Speech data (speech synthesis): Trained model: Anneli-nsfw / kaunista (Style-Bert-VITS2) [※F]
Character (image generation): Trained model: Animagine XL / cagliostrolab / linaqruf (Stable Diffusion XL) [*1]

*1
The people in the generated images are of adult age.
※F
The natural intonation of this model demonstrates the power of SBV2, but the source data is unknown - if any similarities with other performers are identified, we will replace it with another model.

Installation ~ Startup


Add the following resources to each of the custom patch files: [*1] [*2]

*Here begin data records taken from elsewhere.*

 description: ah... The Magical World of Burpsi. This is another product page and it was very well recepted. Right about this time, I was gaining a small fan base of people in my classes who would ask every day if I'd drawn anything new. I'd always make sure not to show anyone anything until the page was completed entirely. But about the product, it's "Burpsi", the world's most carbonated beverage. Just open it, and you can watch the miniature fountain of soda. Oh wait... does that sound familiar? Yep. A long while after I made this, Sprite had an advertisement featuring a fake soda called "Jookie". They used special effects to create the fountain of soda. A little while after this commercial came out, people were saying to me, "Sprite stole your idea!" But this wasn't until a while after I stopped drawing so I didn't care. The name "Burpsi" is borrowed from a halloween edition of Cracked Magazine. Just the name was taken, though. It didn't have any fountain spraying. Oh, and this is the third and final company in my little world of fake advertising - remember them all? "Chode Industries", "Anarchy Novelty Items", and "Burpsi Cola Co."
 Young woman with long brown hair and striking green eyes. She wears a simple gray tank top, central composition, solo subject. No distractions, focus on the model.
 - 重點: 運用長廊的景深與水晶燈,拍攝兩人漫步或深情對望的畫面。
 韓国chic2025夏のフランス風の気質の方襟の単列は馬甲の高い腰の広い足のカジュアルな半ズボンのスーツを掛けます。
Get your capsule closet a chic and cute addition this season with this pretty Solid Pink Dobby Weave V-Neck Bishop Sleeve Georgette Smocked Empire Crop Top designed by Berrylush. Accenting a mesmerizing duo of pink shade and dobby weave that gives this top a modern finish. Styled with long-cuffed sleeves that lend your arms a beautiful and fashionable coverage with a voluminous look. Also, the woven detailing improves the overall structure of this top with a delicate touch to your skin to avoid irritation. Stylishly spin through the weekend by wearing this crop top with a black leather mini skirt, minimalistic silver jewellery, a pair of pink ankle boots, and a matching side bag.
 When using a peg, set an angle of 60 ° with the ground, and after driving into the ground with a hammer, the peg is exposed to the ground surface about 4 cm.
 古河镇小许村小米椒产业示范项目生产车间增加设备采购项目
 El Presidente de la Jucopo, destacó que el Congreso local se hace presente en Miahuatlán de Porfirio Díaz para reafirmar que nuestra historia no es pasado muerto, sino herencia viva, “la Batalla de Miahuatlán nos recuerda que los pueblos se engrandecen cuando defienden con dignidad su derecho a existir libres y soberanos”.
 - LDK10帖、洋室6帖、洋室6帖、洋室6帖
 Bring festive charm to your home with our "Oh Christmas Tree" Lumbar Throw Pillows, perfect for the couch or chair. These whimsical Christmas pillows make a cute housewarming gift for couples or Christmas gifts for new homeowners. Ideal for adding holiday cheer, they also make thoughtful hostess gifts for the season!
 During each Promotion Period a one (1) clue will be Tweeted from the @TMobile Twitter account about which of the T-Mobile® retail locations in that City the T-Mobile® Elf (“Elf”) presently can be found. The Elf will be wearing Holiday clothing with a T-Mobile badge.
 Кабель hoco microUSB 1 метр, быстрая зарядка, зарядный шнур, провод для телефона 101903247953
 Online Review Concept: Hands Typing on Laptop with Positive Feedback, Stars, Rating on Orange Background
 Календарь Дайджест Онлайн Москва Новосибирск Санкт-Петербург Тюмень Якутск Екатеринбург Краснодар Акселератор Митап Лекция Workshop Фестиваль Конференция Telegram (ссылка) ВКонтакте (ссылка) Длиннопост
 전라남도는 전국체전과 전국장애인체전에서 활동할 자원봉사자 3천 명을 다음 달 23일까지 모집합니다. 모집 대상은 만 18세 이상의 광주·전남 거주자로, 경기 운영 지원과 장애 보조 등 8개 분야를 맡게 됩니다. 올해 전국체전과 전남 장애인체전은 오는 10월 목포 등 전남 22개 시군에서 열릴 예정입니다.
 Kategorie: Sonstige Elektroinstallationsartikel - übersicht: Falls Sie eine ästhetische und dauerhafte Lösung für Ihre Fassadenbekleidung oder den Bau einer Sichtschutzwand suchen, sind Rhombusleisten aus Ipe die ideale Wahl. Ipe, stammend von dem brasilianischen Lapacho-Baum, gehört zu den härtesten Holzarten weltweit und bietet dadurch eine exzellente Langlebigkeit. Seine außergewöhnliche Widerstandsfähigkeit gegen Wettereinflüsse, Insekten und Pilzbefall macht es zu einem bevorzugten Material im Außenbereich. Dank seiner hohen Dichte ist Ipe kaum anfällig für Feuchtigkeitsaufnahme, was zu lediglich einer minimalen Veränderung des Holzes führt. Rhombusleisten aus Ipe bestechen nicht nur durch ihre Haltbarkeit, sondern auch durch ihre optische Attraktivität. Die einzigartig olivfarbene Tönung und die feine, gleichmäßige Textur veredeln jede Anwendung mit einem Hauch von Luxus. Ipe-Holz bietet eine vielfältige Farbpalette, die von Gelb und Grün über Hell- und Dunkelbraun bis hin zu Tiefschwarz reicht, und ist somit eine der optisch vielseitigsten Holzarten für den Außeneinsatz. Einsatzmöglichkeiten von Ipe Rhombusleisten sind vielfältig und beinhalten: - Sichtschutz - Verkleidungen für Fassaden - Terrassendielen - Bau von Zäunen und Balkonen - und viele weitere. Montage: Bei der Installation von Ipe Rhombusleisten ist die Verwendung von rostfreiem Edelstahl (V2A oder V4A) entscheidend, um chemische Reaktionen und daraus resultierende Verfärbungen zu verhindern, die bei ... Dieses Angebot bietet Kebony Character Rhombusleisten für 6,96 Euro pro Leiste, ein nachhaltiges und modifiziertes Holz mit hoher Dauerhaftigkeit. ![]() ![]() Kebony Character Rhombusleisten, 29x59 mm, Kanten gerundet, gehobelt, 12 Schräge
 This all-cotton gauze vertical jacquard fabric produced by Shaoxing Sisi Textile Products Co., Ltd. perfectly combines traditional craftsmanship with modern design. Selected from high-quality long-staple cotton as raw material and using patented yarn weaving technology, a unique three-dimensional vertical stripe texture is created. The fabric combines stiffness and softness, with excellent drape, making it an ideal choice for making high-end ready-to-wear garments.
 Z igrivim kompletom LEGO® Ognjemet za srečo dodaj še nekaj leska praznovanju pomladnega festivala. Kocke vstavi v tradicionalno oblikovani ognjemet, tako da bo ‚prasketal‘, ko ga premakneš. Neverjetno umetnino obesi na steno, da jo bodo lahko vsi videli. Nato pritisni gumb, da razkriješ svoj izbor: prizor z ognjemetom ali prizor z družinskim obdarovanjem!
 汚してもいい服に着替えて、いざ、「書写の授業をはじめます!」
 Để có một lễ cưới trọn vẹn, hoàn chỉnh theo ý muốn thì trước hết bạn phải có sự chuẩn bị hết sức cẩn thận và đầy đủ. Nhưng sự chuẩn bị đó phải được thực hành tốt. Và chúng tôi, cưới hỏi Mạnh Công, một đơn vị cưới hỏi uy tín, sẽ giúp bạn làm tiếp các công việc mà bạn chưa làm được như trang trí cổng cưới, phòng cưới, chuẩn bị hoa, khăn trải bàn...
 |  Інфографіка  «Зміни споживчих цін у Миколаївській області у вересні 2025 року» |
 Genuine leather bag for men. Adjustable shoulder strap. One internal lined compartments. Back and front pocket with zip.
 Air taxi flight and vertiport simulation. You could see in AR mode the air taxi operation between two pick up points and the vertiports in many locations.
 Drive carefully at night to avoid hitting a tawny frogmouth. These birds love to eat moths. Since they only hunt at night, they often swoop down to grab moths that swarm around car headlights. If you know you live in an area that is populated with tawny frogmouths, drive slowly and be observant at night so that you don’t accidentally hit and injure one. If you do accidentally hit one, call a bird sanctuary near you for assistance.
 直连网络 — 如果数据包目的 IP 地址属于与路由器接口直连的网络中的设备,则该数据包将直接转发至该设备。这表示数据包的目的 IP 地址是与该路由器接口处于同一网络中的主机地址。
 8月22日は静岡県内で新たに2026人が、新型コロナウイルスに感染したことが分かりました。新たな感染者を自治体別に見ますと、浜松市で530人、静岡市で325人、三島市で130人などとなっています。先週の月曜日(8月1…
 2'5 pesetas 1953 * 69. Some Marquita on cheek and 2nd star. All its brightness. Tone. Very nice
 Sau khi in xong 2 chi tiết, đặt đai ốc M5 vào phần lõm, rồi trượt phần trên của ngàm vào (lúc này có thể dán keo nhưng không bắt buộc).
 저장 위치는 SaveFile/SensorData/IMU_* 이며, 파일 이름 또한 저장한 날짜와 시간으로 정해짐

${dirtop}/cnnmmd/manage/cnf/cnfsrc_custom.txt
cnnmmd_xoxxox_tlkweb_201 + master https://pubgit.xoxxox.net/cnnmmd/cnnmmd_xoxxox_tlkweb_201
cnnmmd_xoxxox_ttsvit_201 + master https://pubgit.xoxxox.net/cnnmmd/cnnmmd_xoxxox_ttsvit_201
cnnmmd_xoxxox_mgrcmf_cmf_ply_vit_sim_201 + master https://pubgit.xoxxox.net/cnnmmd/cnnmmd_xoxxox_mgrcmf_cmf_ply_vit_sim_201
${dirtop}/cnnmmd/manage/cnf/depend_custom.txt
cnnmmd_xoxxox_mgrcmf_cmf_ply_vit_sim_201
- cnnmmd_xoxxox_tlkweb_201
- cnnmmd_xoxxox_ttsvit_201
- cnnmmd_xoxxox_tlkweb
- cnnmmd_xoxxox_ttsvit
- cnnmmd_xoxxox_appweb
- cnnmmd_xoxxox_appcmf
- cnnmmd_xoxxox_appmid

Get it started like this:

# Get:
$ yes | ./manage.sh create cnnmmd_xoxxox_mgrcmf_cmf_ply_vit_sim_201 -d
# boot:
$ yes | ./manage.sh launch cnnmmd_xoxxox_mgrcmf_cmf_ply_vit_sim_201 -d

After launching, apply the following workflow to ComfyUI and run the flow: [※3]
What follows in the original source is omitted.